Parallel collector: The JVM default collector, which has the greatest advantage of using multiple threads to scan and compress the heap. The serial collector will stop all other worker threads stop-the-world during GC. The CPU utilization is the highest, so it is suitable for applications requiring high throughput. However, the pause time is relatively long, so it is not suitable for Web applications. This means that users will have to wait longer. The parallel collector can be understood as multi-threaded serial collection. Based on the serial collection, the multi-threaded GC is used to make up for the deficiency of serial collection and can greatly shorten the pause time. Therefore, for areas with small space (such as young generation), the parallel collector has a very short pause time and high recovery efficiency. Suitable for high frequency execution.

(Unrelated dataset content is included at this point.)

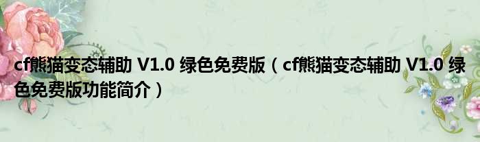cf熊猫变态辅助 V1.0 绿色免费版(cf熊猫变态辅助 V1.0 绿色免费版功能简介)

3. CMS collector: based on the “mark-clean” algorithm, it uses multi-threaded algorithm to scan the old generation heap (mark) and recycle (clear) the objects to be recovered. It is easy to generate a large amount of memory fragmentation so that large objects cannot be created and then have to trigger full GC in advance. The CPU usage is too high, and floating garbage is easily generated after marking, which can only be saved for the next GC

G1 collector: THE G1 collector is based on the mark-tidy algorithm, that is, it does not generate space debris. G1 is a server-side garbage collector with large memory for multiple processors. Its goal is to achieve high throughput while meeting garbage collection pause times as much as possible. It can control pauses very precisely, allowing the user to explicitly specify that no more than N milliseconds should be spent in garbage collection within a time segment of M milliseconds, which has some of the characteristics of the real-time Java (RTSJ) garbage collector. Garbage collector

The finalize() method works like this: Once the garbage collector is ready to release the storage space occupied by the object, the Finalize () method of the object will be called first and only once (through the code system.gc ()), and the memory occupied by the object will be reclaimed only when the next garbage collection action occurs. So if we override Finalize (), we can do some important cleanup at garbage collection time or save the object for once (just reassociate the object with any object in the reference chain in Finalize ()). The Finalize () method is used to free up memory space allocated ina special way because we may call non-Java code in Java to allocate memory, such as NDK in Android development. Then, when we call malloc() in C to allocate storage space, we can only use the free() function to free the memory, so we need to call it in the local method of finalize() function.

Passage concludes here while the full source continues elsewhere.